Wilfred Cantwell Smith
Wilfred Cantwell Smith OC FRSC[15] (July 21, 1916 – February 7, 2000) was a Canadian Islamicist, comparative religion scholar,[16] and Presbyterian minister.[17] He was the founder of the Institute of Islamic Studies at McGill University in Quebec and later the director of Harvard University's Center for the Study of World Religions. The Harvard University Gazette said he was one of the field's most influential figures of the past century.[18] In his 1962 work The Meaning and End of Religion he notably questioned the modern sectarian concept of religion.[19]
Wilfred Cantwell Smith
W. C. Smith[1]
Christianity (Presbyterian)
1944[3]
The Azhar Journal: Analysis and Critique[5] (1948)

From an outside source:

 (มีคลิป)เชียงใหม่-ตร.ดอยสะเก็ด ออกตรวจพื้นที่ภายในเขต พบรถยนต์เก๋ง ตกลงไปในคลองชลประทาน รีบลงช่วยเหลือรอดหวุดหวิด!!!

The Meaning and End of Religion (1961)
Early life and career[edit]
Smith was born on 21 July 1916 in Toronto, Ontario, to parents Victor Arnold Smith and Sarah Cory Cantwell.[20] He was the younger brother of Arnold Smith[21] and the father of Brian Cantwell Smith.[2] He primarily received his secondary education at Upper Canada College.[6]
Smith studied at University College, Toronto,[22] receiving a Bachelor of Arts degree with honours in oriental languages circa 1938.[23] After his thesis was rejected by the University of Cambridge,[24] supposedly for its Marxist critique of the British Raj, he and his wife Muriel Mackenzie Struthers spent seven years in pre-independence India (1940–1946), during which he taught Indian and Islamic history at Forman Christian College in Lahore.

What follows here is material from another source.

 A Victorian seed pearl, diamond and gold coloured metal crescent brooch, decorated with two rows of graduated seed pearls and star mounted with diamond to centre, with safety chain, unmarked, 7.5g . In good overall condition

In 1948 he obtained a Doctor of Philosophy degree in oriental languages at Princeton University, after which he taught at McGill, founding in 1952 the university's Institute of Islamic Studies.[3] From 1964 to 1973 Smith taught at Harvard Divinity School.[25] He left Harvard for Dalhousie University in Halifax, Nova Scotia, where he founded the Department of Religion.[25] He was also among the original editorial advisors of the scholarly journal Dionysius. In 1978 he returned to Harvard.[25] In 1979 he received an honorary doctorate from Concordia University.[26] After his retirement from Harvard in 1984,[25] he was appointed a senior research associate in the Faculty of Divinity at Trinity College, University of Toronto, in 1985.[27]
Death and legacy[edit]
Smith died on 7 February 2000 in Toronto.[17] His papers are preserved in Special Collections and Archives at the University Library at California State University, Northridge.[28]